▶ **AIM OF THE EXERCISE**
Only the lines from the one containing "- Pošto me gospođica" through the end of the records should be retyped, exactly and including both ends; pictures stay out.

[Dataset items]

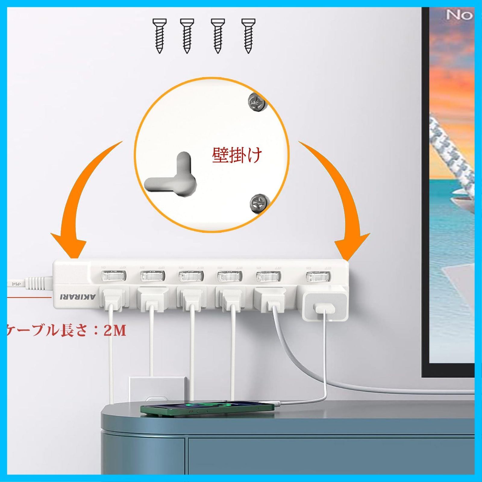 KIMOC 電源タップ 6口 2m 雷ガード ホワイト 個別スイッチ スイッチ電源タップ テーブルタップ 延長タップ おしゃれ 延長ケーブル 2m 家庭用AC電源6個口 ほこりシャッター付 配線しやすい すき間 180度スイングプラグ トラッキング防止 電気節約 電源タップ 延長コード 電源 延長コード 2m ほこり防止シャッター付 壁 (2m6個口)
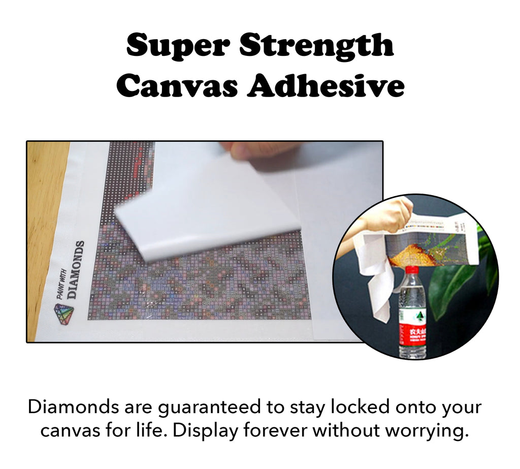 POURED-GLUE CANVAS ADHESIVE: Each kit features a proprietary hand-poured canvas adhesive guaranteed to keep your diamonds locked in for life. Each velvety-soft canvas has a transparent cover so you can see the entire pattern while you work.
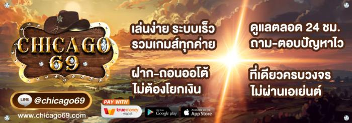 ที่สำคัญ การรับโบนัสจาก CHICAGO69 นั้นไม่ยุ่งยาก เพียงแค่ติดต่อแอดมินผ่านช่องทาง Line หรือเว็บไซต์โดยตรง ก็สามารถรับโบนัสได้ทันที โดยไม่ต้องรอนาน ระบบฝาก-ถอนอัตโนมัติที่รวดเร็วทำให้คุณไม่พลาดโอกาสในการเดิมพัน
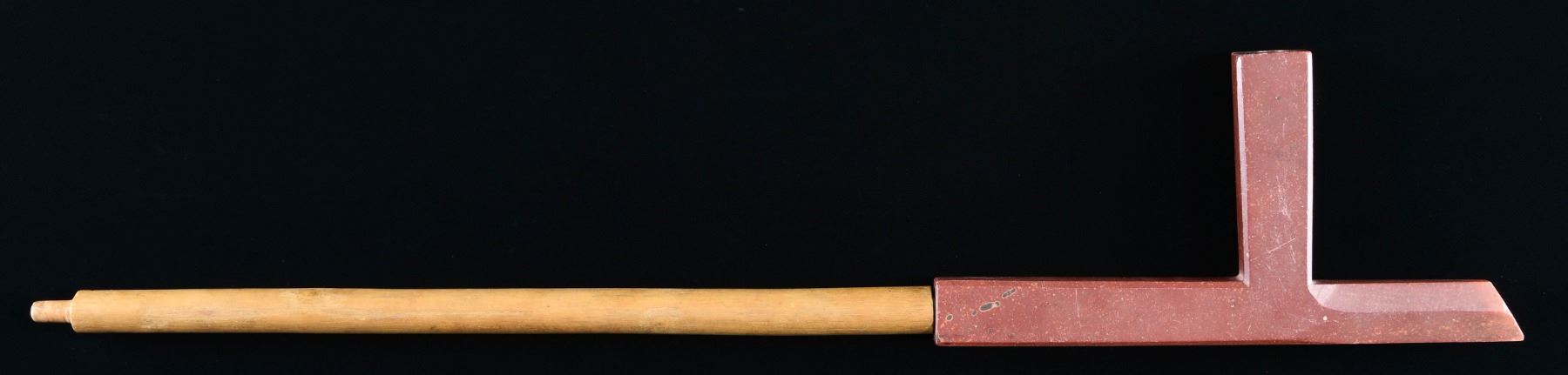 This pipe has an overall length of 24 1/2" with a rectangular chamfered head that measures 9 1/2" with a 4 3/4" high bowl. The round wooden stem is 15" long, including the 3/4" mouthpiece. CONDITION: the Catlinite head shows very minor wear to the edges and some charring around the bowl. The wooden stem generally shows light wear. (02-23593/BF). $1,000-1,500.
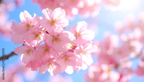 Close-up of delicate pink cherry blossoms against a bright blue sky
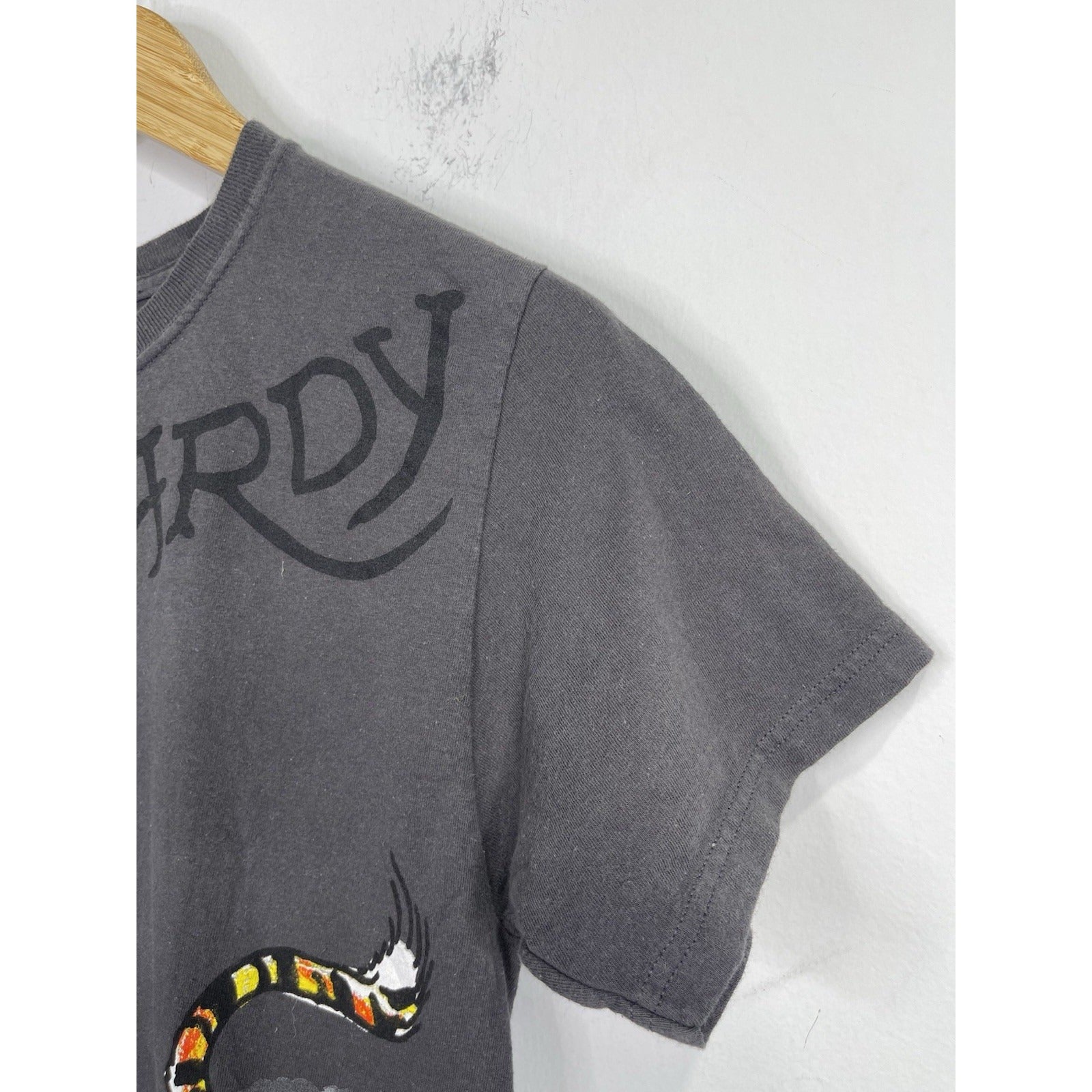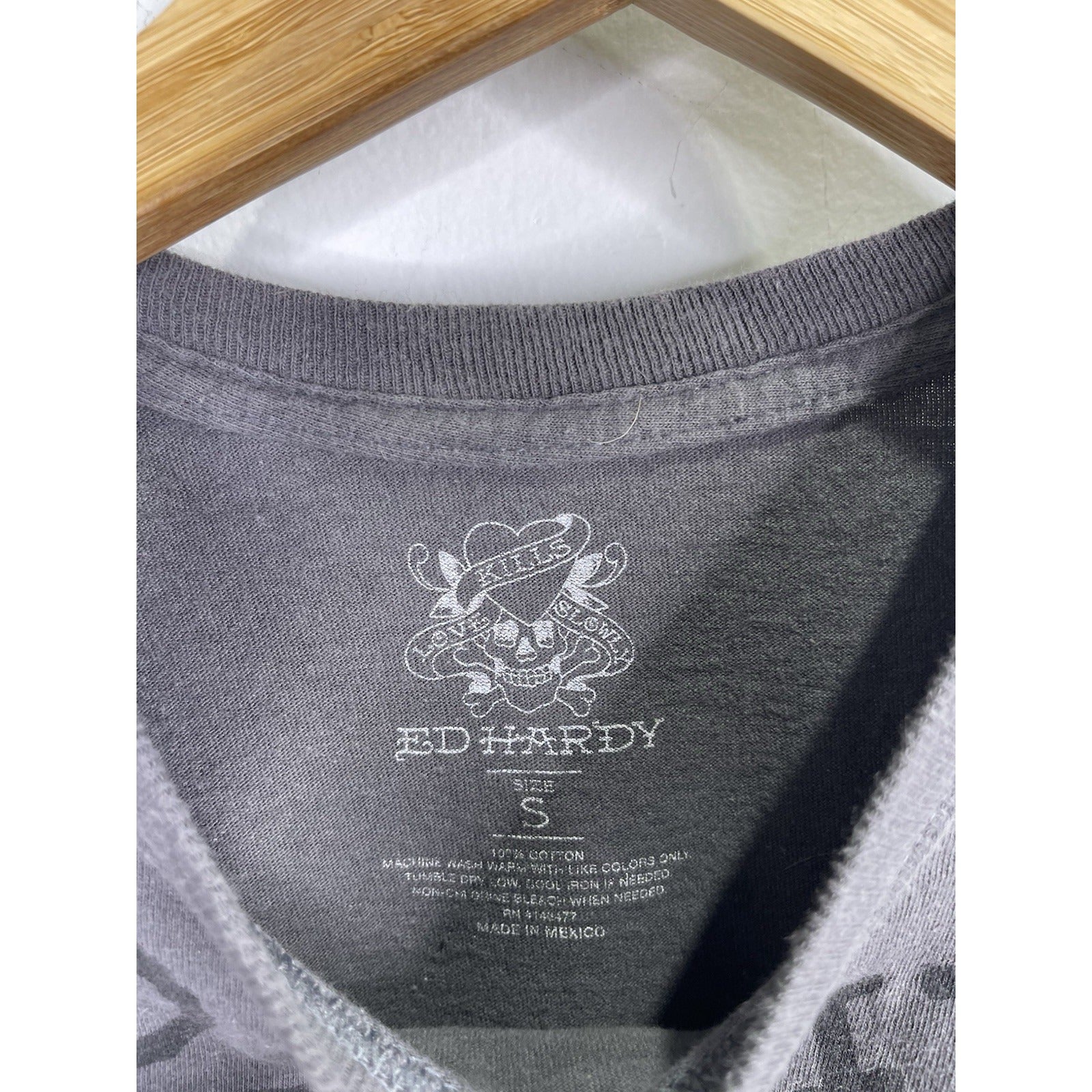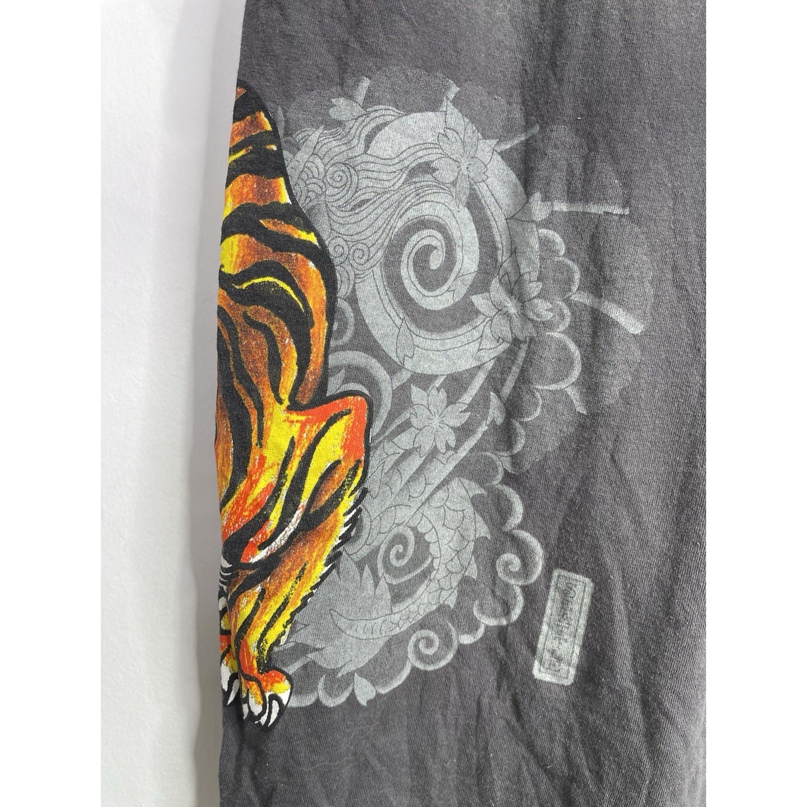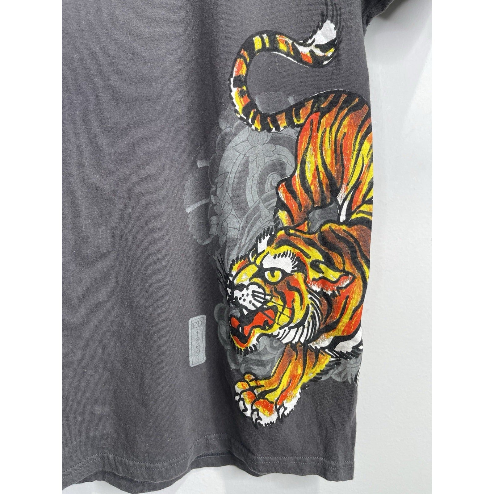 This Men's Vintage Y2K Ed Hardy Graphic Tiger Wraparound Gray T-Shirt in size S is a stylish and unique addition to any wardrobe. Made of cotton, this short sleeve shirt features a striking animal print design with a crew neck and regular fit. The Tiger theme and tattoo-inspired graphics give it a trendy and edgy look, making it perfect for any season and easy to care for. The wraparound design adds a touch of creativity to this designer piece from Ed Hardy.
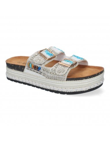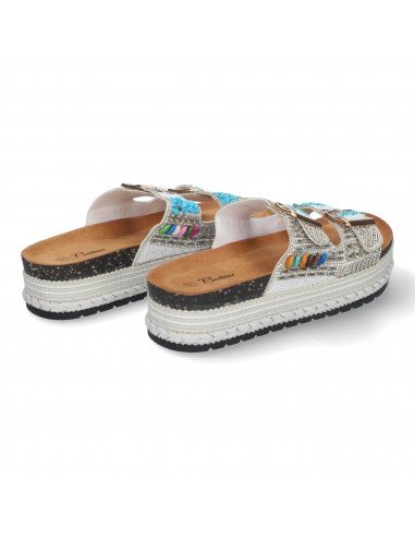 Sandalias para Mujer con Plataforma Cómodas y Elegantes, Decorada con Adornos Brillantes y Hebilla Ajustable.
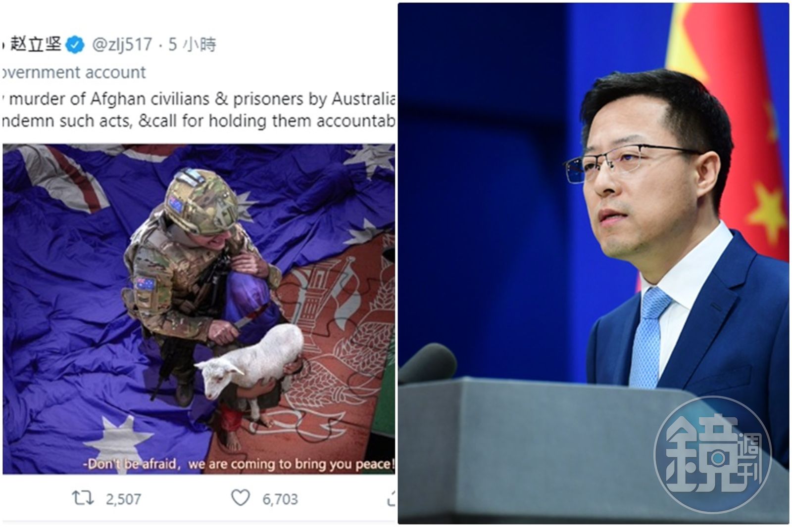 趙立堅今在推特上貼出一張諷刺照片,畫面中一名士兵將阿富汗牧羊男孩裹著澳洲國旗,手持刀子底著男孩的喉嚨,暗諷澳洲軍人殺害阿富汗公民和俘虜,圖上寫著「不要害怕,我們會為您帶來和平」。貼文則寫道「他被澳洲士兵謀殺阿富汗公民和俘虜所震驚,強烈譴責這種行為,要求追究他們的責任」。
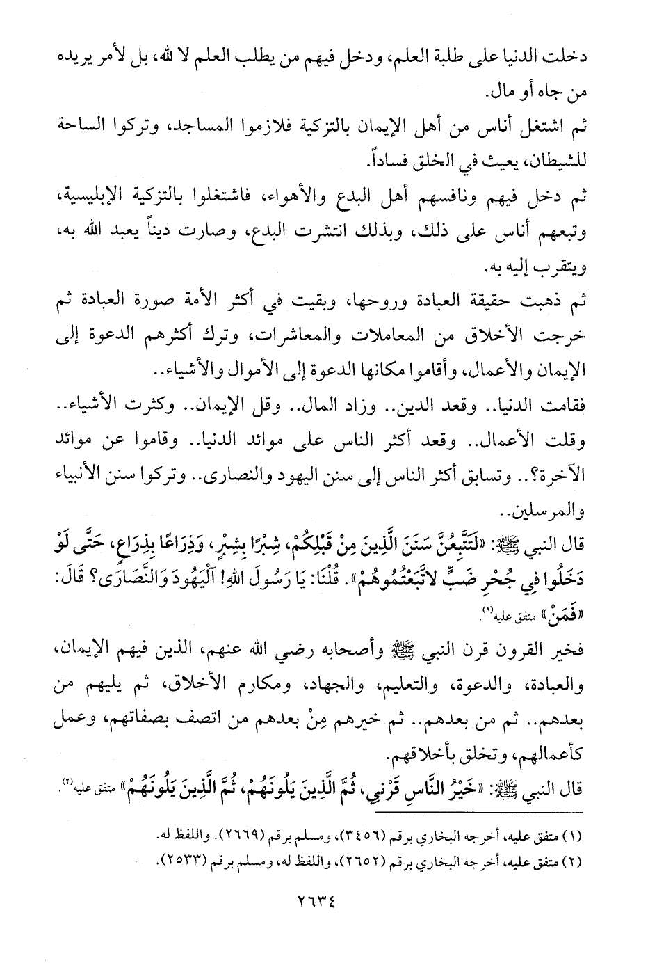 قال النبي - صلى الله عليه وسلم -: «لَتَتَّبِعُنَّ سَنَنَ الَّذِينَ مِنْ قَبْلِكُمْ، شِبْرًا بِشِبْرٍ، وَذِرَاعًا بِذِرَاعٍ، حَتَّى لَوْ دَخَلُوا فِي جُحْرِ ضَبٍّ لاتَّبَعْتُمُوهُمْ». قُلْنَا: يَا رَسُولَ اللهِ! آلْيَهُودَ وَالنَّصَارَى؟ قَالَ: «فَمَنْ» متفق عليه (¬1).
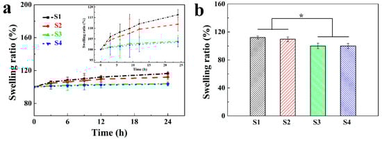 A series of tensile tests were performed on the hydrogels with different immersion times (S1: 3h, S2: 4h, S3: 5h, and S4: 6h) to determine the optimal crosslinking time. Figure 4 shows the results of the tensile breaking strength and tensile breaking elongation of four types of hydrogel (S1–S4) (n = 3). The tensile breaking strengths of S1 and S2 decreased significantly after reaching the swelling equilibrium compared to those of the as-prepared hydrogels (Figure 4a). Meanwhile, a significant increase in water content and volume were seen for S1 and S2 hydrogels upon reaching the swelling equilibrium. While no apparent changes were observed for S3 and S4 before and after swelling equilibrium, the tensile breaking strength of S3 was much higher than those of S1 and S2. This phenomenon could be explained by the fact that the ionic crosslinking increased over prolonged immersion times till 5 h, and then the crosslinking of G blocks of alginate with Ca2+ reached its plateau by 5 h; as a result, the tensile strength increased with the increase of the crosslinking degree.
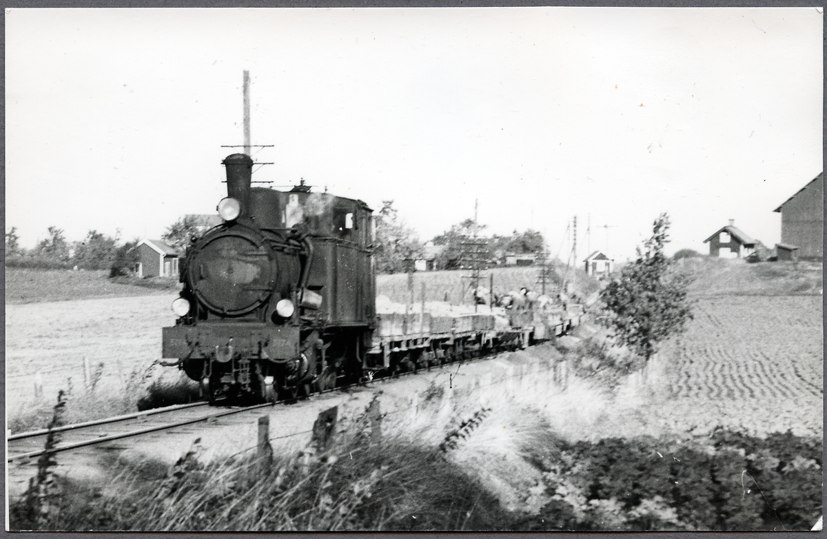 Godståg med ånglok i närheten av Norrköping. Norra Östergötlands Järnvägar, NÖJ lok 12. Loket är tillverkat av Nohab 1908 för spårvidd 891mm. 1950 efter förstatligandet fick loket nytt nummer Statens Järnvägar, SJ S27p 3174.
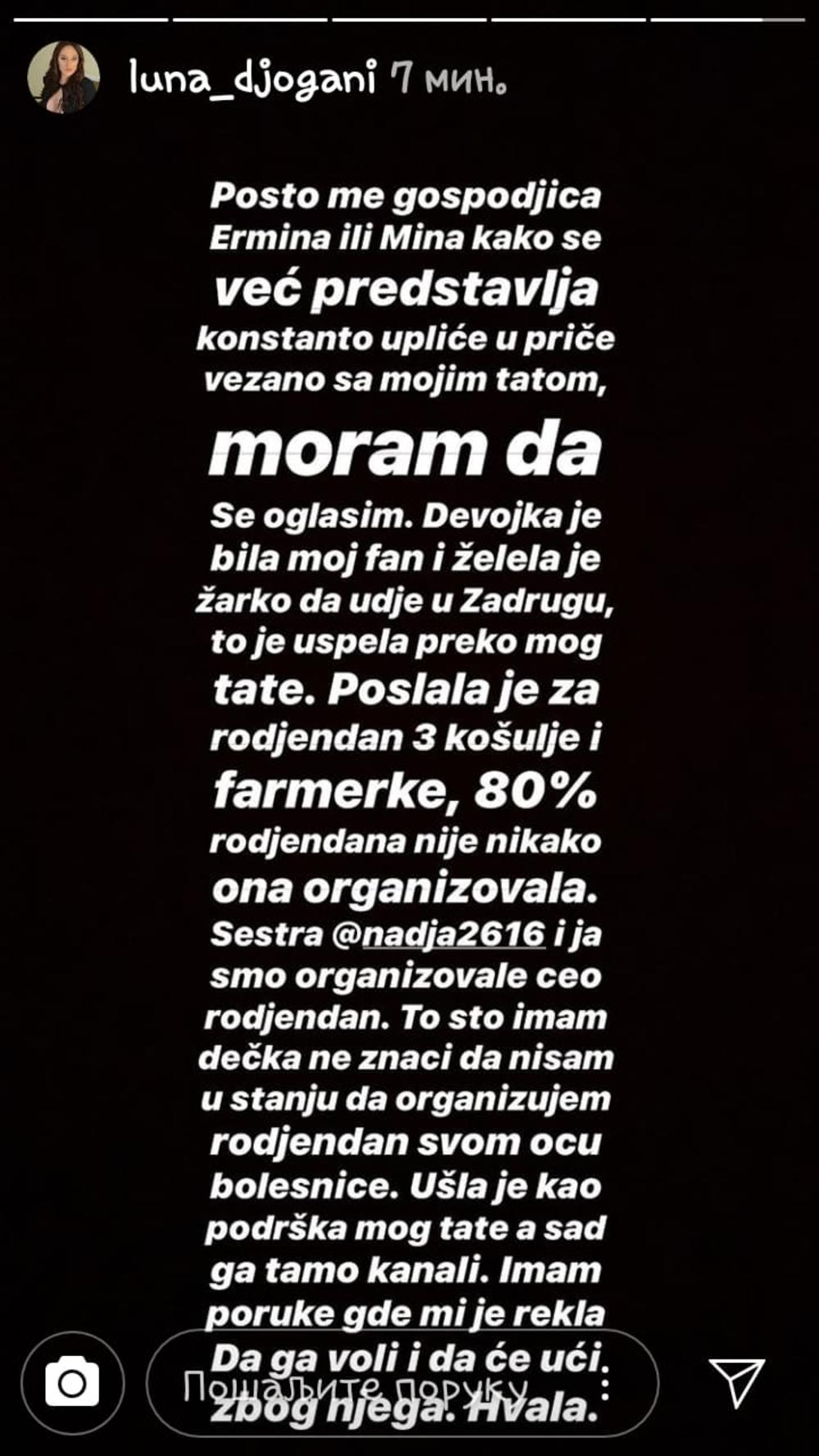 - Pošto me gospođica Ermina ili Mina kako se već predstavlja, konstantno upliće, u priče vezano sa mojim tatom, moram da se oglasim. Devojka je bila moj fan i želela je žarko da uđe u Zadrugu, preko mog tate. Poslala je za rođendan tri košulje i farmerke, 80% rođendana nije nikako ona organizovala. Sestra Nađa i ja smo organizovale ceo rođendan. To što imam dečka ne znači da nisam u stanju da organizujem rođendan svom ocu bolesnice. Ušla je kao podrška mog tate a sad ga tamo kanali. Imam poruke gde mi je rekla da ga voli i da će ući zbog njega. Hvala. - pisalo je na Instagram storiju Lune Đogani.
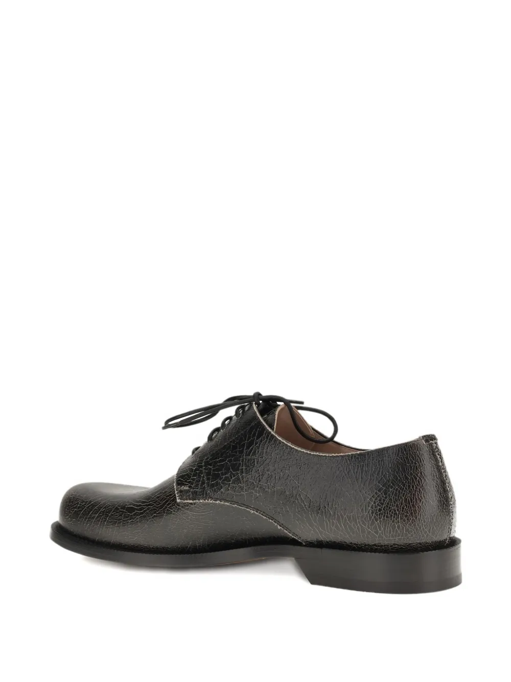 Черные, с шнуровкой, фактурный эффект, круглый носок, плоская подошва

▶ **EXERCISE OUTPUT**
 - Pošto me gospođica Ermina ili Mina kako se već predstavlja, konstantno upliće, u priče vezano sa mojim tatom, moram da se oglasim. Devojka je bila moj fan i želela je žarko da uđe u Zadrugu, preko mog tate. Poslala je za rođendan tri košulje i farmerke, 80% rođendana nije nikako ona organizovala. Sestra Nađa i ja smo organizovale ceo rođendan. To što imam dečka ne znači da nisam u stanju da organizujem rođendan svom ocu bolesnice. Ušla je kao podrška mog tate a sad ga tamo kanali. Imam poruke gde mi je rekla da ga voli i da će ući zbog njega. Hvala. - pisalo je na Instagram storiju Lune Đogani.
 Черные, с шнуровкой, фактурный эффект, круглый носок, плоская подошва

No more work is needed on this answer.